● **PROMPT**
From the listing below, please restate exactly the lines beginning at the one with "Für den Hardcore-Camper, den" and ending at the one with "В организме все", both included, and skip the pictures.

● **GIVEN DATA**
###

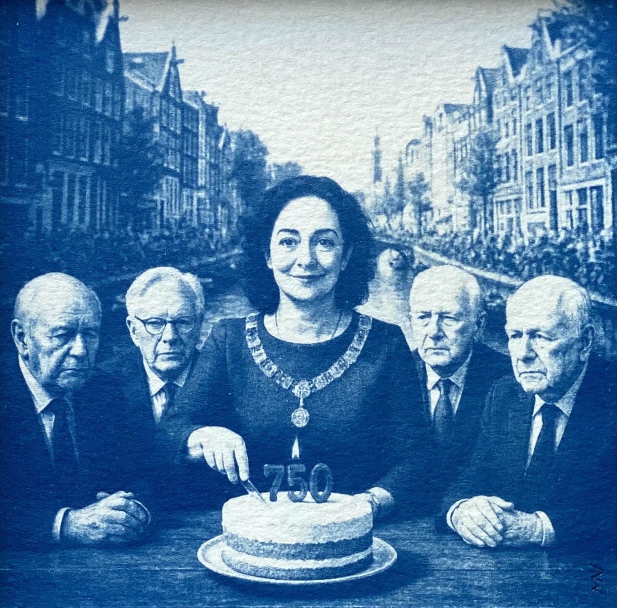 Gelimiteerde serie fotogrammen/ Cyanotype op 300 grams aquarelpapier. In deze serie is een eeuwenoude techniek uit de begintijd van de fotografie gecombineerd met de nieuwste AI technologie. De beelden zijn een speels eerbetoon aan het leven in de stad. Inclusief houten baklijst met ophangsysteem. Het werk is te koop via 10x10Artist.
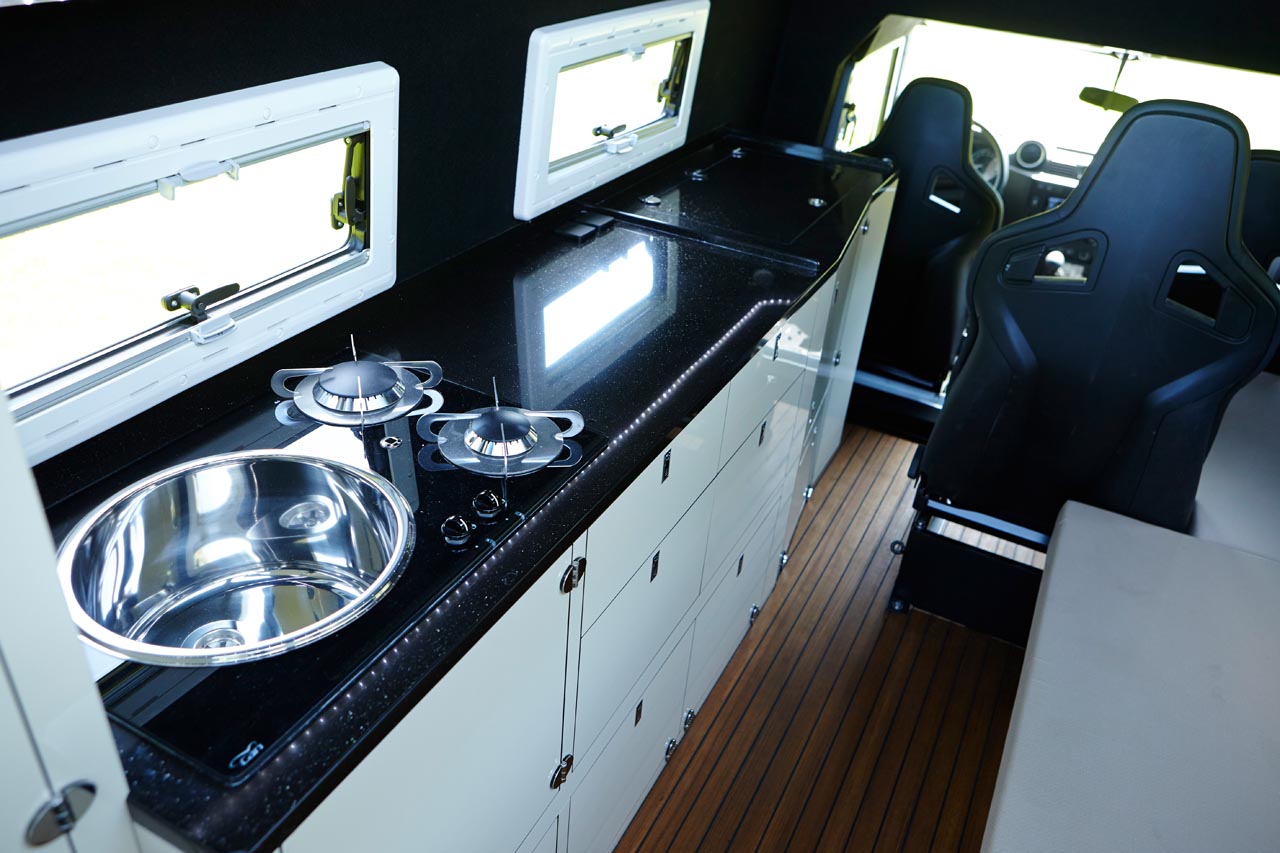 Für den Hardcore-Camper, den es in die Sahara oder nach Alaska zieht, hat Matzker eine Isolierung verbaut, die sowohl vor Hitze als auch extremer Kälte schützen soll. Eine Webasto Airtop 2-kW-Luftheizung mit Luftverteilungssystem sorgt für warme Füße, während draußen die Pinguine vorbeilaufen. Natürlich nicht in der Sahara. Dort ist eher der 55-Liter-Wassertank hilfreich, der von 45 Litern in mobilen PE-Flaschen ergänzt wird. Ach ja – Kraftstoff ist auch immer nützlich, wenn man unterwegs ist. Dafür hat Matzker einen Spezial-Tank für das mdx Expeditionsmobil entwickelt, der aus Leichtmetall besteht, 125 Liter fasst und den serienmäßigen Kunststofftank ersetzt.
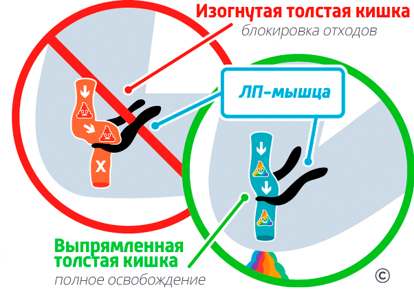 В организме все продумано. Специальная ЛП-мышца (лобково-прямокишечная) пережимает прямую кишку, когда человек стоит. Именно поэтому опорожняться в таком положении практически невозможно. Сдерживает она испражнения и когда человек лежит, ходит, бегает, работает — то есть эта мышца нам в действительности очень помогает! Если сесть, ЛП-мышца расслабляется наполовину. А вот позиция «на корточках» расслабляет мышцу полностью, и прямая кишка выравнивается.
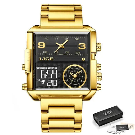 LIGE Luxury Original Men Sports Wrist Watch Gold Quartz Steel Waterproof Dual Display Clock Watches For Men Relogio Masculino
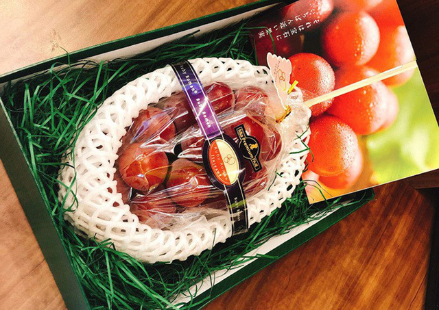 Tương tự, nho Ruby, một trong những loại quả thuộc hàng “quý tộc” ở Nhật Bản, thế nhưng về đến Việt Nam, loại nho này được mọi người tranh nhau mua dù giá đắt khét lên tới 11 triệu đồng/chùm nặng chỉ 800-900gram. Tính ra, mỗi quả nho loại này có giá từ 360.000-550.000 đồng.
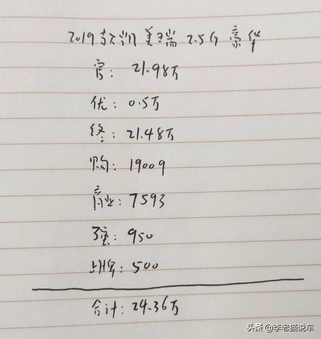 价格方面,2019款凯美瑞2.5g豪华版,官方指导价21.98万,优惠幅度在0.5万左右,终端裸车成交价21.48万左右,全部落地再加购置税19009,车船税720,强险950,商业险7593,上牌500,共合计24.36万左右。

###

● **RESULT OF THIS TASK**
 Für den Hardcore-Camper, den es in die Sahara oder nach Alaska zieht, hat Matzker eine Isolierung verbaut, die sowohl vor Hitze als auch extremer Kälte schützen soll. Eine Webasto Airtop 2-kW-Luftheizung mit Luftverteilungssystem sorgt für warme Füße, während draußen die Pinguine vorbeilaufen. Natürlich nicht in der Sahara. Dort ist eher der 55-Liter-Wassertank hilfreich, der von 45 Litern in mobilen PE-Flaschen ergänzt wird. Ach ja – Kraftstoff ist auch immer nützlich, wenn man unterwegs ist. Dafür hat Matzker einen Spezial-Tank für das mdx Expeditionsmobil entwickelt, der aus Leichtmetall besteht, 125 Liter fasst und den serienmäßigen Kunststofftank ersetzt.
 В организме все продумано. Специальная ЛП-мышца (лобково-прямокишечная) пережимает прямую кишку, когда человек стоит. Именно поэтому опорожняться в таком положении практически невозможно. Сдерживает она испражнения и когда человек лежит, ходит, бегает, работает — то есть эта мышца нам в действительности очень помогает! Если сесть, ЛП-мышца расслабляется наполовину. А вот позиция «на корточках» расслабляет мышцу полностью, и прямая кишка выравнивается.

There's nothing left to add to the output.